We shut the blinds down very tightly that first night in the hostile Indian country, and lay on our arms. We slept on them some, but most of the time we only lay on them. We did not talk much, but kept quiet and listened. It was an inky-black night, and occasionally rainy. We were among woods and rocks, hills and gorges—so shut in, in fact, that when we peeped through a chink in a curtain, we could discern nothing. The driver and conductor on top were still, too, or only spoke at long intervals, in low tones, as is the way of men in the midst of invisible dangers. We listened to raindrops pattering on the roof; and the grinding of the wheels through the muddy gravel; and the low wailing of the wind; and all the time we had that absurd sense upon us, inseparable from travel at night in a close-curtained vehicle, the sense of remaining perfectly still in one place, notwithstanding the jolting and swaying of the vehicle, the trampling of the horses, and the grinding of the wheels. We listened a long time, with intent faculties and bated breath; every time one of us would relax, and draw a long sigh of relief and start to say something, a comrade would be sure to utter a sudden “Hark!” and instantly the experimenter was rigid and listening again. So the tiresome minutes and decades of minutes dragged away, until at last our tense forms filmed over with a dulled consciousness, and we slept, if one might call such a condition by so strong a name—for it was a sleep set with a hair-trigger. It was a sleep seething and teeming with a weird and distressful confusion of shreds and fag-ends of dreams—a sleep that was a chaos. Presently, dreams and sleep and the sullen hush of the n
ight were startled by a ringing report, and cloven by such a long, wild, agonizing shriek! Then we heard—ten steps from the stage—
“Help! Help! Help!” (It was our driver’s voice.)
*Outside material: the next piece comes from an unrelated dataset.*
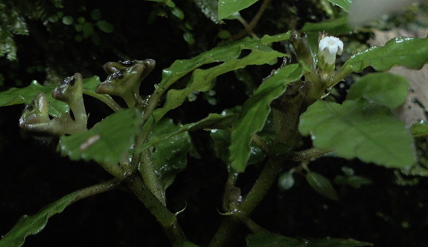 Ophiorrhiza crispa, flower and characteristic boat shaped upward opening rainsplash fleshy capsular fruits, Warsambin waterfall, Waigeo, Raja Ampat, Southwest Papua

“Kill him! Kill him like a dog!”
“I’m being murdered! Will no man lend me a pistol?”
“Look out! Head him off! Head him off!”
(Two pistol shots; a confusion of voices and the trampling of many feet, as if a crowd were closing and surging together around some object; several heavy, dull blows, as with a club; a voice that said appealingly, “Don’t, gentlemen, please don’t—I’m a dead man!” Then a fainter groan, and another blow, and away sped the stage into the darkness, and left the grisly mystery behind us.)
What a startle it was! Eight seconds would amply cover the time it occupied—maybe even five would do it. We only had time to plunge at a curtain and unbuckle and unbutton part of it in an awkward and hindering flurry, when our whip cracked sharply overhead, and we went rumbling and thundering away, down a mountain “grade.”
We fed on that mystery the rest of the night—what was left of it, for it was waning fast. It had to remain a present mystery, for all we could get from the conductor in answer to our hails was something that sounded, through the clatter of the wheels, like “Tell you in the morning!”
So we lit our pipes and opened the corner of a curtain for a chimney, and lay there in the dark, listening to each other’s story of how he first felt and how many thousand Indians he first thought had hurled themselves upon us, and what his remembrance of the subsequent sounds was, and the order of their occurrence. And we theorized, too, but there was never a theory that would account for our driver’s voice being out there, nor yet account for his Indian murderers talking such good English, if they were Indians.
So we chatted and smoked the rest of the night comfortably away, our boding anxiety being somehow marvelously dissipated by the real presence of something to be anxious about.